Le “désir” induit par la visualisation d’un objectif créé de fait un mouvement de projection vers l’avenir. Lorsque Biancheri avait 22 ans et qu’il démarrait l’association AEGEE-Europe (1985), peut-être pensait-il encore que l’avenir était une terre vierge de possibilités. Mais après avoir constaté combien il est difficile d’être entendu par les décideurs politiques à l’occasion de son action en faveur d’ERASMUS, après avoir expérimenté les difficultés techniques et politiques liées à la conduite d’une campagne trans-européenne lors de l’élection européenne de 1989, et après avoir analysé les risques de dérive de la construction européenne presents en germe dans le Traité de Maastricht, il est certain qu’en 1992, Biancheri savait que sa “vision d’une Europe démocratique” nécessitait une compréhension fine des échelles de temps et une grande humilité en leur présence. C’est ainsi que la projection vers l’avenir permise par la visualisation d’un objectif est rapidement suivie par la conscience des paramètres temporels liés à la satisfaction de cet objectif.

La période de temps qui s’étend entre maintenant et la satisfaction de l’objectif apparaît alors comme à la fois un obstacle et un allié : un obstacle dans le sens où il constitue un mur infranchissable séparant l’individu de son but, imposant la patience; un allié parce que cette période de temps est aussi ce dont l’individu a besoin pour mettre en oeuvre sa stratégie, imposant l’action.

Cette période de temps, initialement vide, se remplit alors d’idées d’actions destinées à emmener vers le but – plus densément dans l’avenir proche.
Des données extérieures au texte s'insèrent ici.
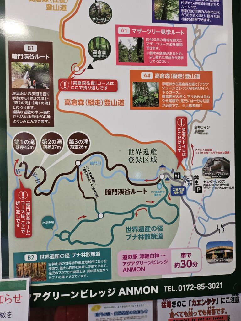 それでは世界遺産の白神山地へ行きます。白神山地には世界最大規模のブナの原生林があり世界遺産に認定されました。まずはここの『ANMON』で情報収集と熊よけの鈴を買いました。今年5月に熊が二回出たそうです。

Mais en se remplissant de projets, cette période se remplit aussi de faits. Par exemple, les événements sont programmés en prenant en compte de nombreuses considérations liées à l’avenir : vacances, agenda parlementaires, présence des media liée à des événements importants, priorités politiques exprimées… Pour augmenter les chances de succès et d’impact des actions que nous programmons, un paysage de l’avenir doit être pris en compte (analyser la meilleure localisation possible, le meilleur moment, et le meilleur thème selon un environnement donné qui s’étend dans l’avenir et nécessite d’être exploré).

Parallèlement à ce “remplissage de l’avenir” lié à la programmation d’actions, et au fur et à mesure que l’expérience s’accumule (succès, échecs et intelligence des ressorts à l’oeuvre), l’objectif que l’on s’est fixé apparaît de plus en plus comme un horizon mouvant, dont la satisfaction ne saurait être qu’incomplète et temporaire. C’est ce que Biancheri a révélé lorsqu’il a commencé à utiliser le mot “démocratisation” en lieu en place du mot ‘”démocratie” : il n’existe pas d’état de démocratie  parfait et éternel ; ce qui compte c’est l’effort constant dans cette direction. Mais une Europe démocratique est un état idéal qui sera constamment remis en question par un environnement changeant.

A ce stade, l’image de comment l’avenir doit être compris et donc abordé est complète, et l’exercice prédictif peut commencer.

A suivre…


[1] L’anticipation politique est issue du talent d’un homme, Franck Biancheri, à prédire correctement des événements et changements, et à en déduire actions et recommandations stratégiques… un homme qui ne croyait pas aux talents venus de Dieu, et qui chercha à comprendre d’où il tenait cette capacité. Lui et Marie-Hélène Caillol ont alors œuvré à formaliser cette méthode empirique via la tenue de formations (Sorbonne-LEAP, IRPA) et la rédaction d’un Manuel d’Anticipation Politique en 2009.